For years, coaches in team sport have tapped into track and field coaches for obvious reasons: Speed and power are easily transferrable to training if properly implemented. Yet, for some reason, strength coaches view elite swimming as an alien sport because they can’t easily copy and paste the information into workouts. True, swimming is very unique and not much from it will make sense for a soccer player looking to get fast and fit, but if you do your homework, you can definitely use the information to model your own program no matter what athlete you train.
In this blog post, I cover an array of lessons I’ve learned from swimming over the years. If you are really interested in getting better results from the training you do with your athletes right now, read the article and know that you will bring the knowledge back to land sports.
Why the Sport of Swimming Is Unique
Watch any child with a sound background of play run in physical education, and they’ll look coordinated and healthy. But toss the same kid, without a background in swimming, into a pool, and they’ll look terrible and could be at risk of drowning. The ugly truth is water is a very humbling medium for the human race, and this is why swim coaches have no choice but to be good instructors. Few athletes will learn the skills with just a little help and exposure to the sport, and overall you have to coach in swimming, as it exposes you.
The medium of water is still a bit of a mystery, and while we have all the latest science and technology, we still don’t know all the secrets to why swimmers differ outside of basic kinematic information that is crude and limited. One of my favorite books for coaches is Gold in the Water, a read that you simply can’t put down if you are a sports fan.
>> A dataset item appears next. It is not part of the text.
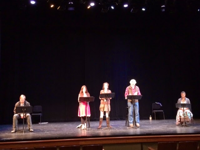 Invités étrangers particulièrement choyés, les 6 International Playwright Observers et leur "drama mamma" Cecily m'ont accueillie dans leur groupe aussi curieux qu'ouvert et généreux. Dimanche matin, ils ont lu un extrait en vo de leur dernier texte jeunesse, dans la forme "slam poétique" promue par WLPG dont Kim Peter Kovac est l'un des fondateurs : sonorité et rythmes évocateurs des langues étrangères sur scène et additionnées, force du texte lu par son auteur et richesse de la réception intuitive. Ensemble, nous avons écrit une histoire originale pour l'anniversaire d'Afeif.

In its early chapters, author P.H. Mullen paints an amazing visual to help the casual observer of the sport. What he does is great writing, as it’s hard for a former swimmer to get excited about doing yards in the pool, since it’s hard work and sometimes mind-numbing. Mullen writes:
“More bubbles and turbulence following the hand mean the swimmer is failing to fully ‘catch water.’ A slipping hand is akin to clawing at pebbles while climbing a steep hill. So much better to grasp a solid rock…The biomechanics of swimming is an exhausting jargon, while the secrets of forward propulsion remain elusive. Scientists are captivated by the mystery and devote their lives to studying it.” (p. 69-70)
Obviously, none of this resembles track and field, a close cousin to team sports where running, throwing, and jumping connect better. In fact, some of the patterns of swimming are the opposite of track and field, such as the fastest part of the race coming from the first few seconds, when athletes dive into the pool. In track and land sports you need to accelerate, whereas swimming is about maintaining velocity from the walls and blocks. The motions are beautiful and coordinated, but hardly resemble anything we can use on dry land. At least skiing and skating have more ground reaction forces so we glean something, right?
The key point I am making here is that swimming is a little weird and a difficult puzzle to figure out. Struggling with the mysteries of swimming makes you a better problem-solver. While sprinters are not really made in the weight room, the addition of some basic strength to an athlete does have more of a chance of showing up on the clock. Swimming is a little more complicated and far more nebulous for conventional training ideas, but fundamental training does work in the long run.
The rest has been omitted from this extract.